Only the lines from the one containing "1. […] Sleight" through the end of the records should be retyped, exactly and including both ends; pictures stay out.

- **DATA PROVIDED**:
-=-=-
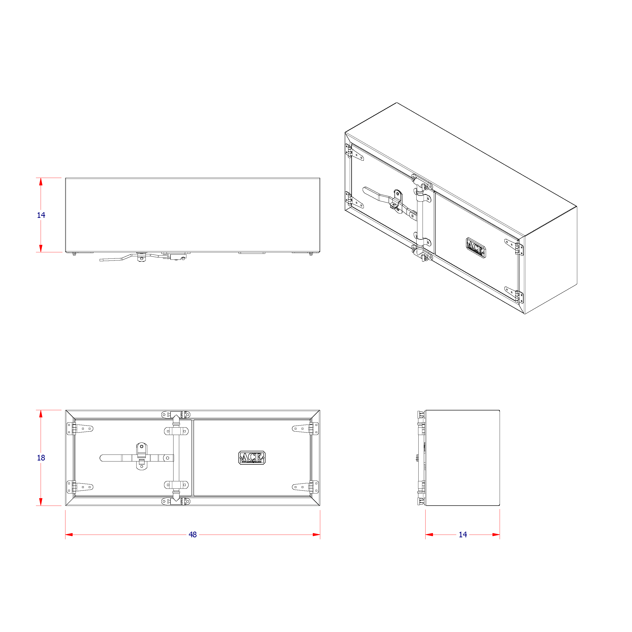 Aluminum Box 48Wx14Dx18H, double flush doors, aluminum cam-lock - smooth
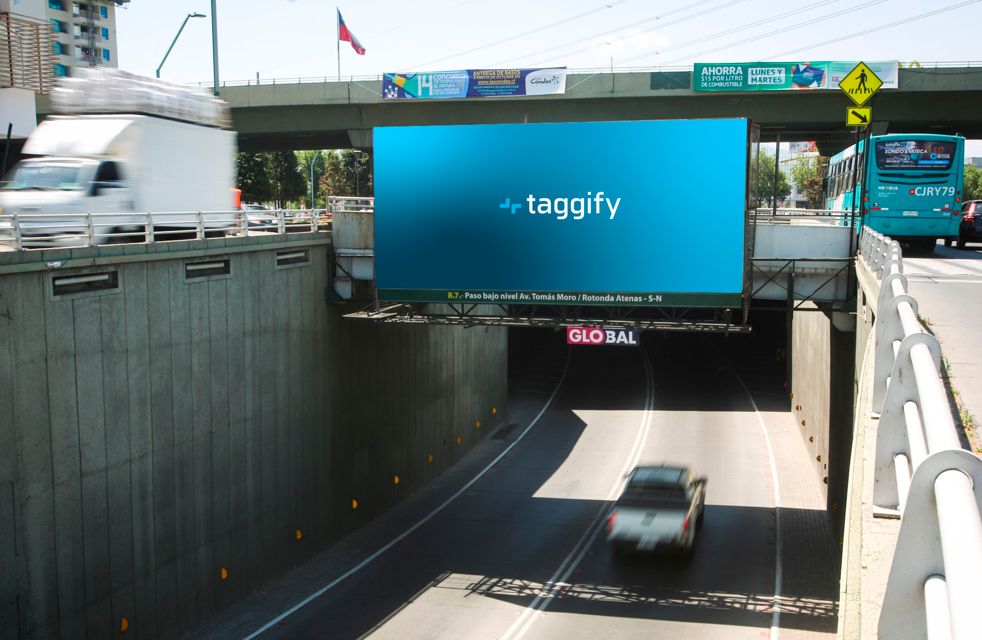 This Mid Screen located in Paso Bajo Nivel Tomás Moro, is in the important and strategic area with a Mc Donalds, Líder Supermarket, Pizza Hut and Banks nearby. In addition, it is on its way to the Dominicos Mall, integrating a circuit of 10 screens distributed in Comuna Las Condes.
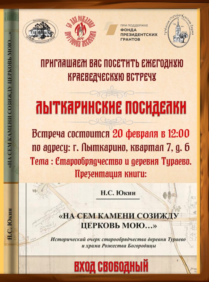 В этом году на традиционных краеведческих встречах прозвучит немало интересного и познавательного из истории деревни Тураево и местной старообрядческой общины. Впервые жителям города Лыткарино будет показан фильм, посвященный возрождению колокольного звона в церкви Рождества Пресвятой Богородицы в Тураево. Вы узнаете много ранее неизвестной исторической информации о местности, населенной ранее старообрядцами.
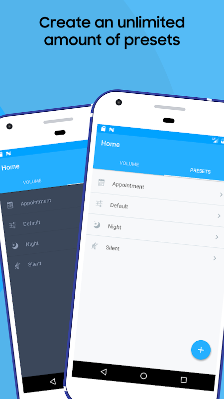 Volume Control rileva anche quando inserisci gli auricolari o attivi il Bluetooth, e passa automaticamente al tuo profilo volume preferito. Puoi persino creare delle impostazioni predefinite programmate automaticamente in base all'ora, alla posizione o a un evento del calendario.
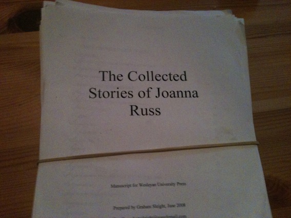 1. […] Sleight tells us about the book project he has been working on for the last couple of years, the collected short stories of Joanna Russ: Perhaps I should explain. In, I think, 2006 or 2007, Farah Mendlesohn very kindly asked me to […]
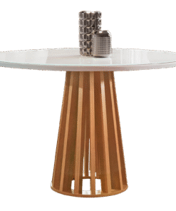 Mesa Redonda Berlim 100 Cinamono/Off White com 4 Cadeiras Sophia Veludo Bege – CEL MÓVEIS + WM DECOR
-=-=-
- **RESPONSE**:
 1. […] Sleight tells us about the book project he has been working on for the last couple of years, the collected short stories of Joanna Russ: Perhaps I should explain. In, I think, 2006 or 2007, Farah Mendlesohn very kindly asked me to […]
 Mesa Redonda Berlim 100 Cinamono/Off White com 4 Cadeiras Sophia Veludo Bege – CEL MÓVEIS + WM DECOR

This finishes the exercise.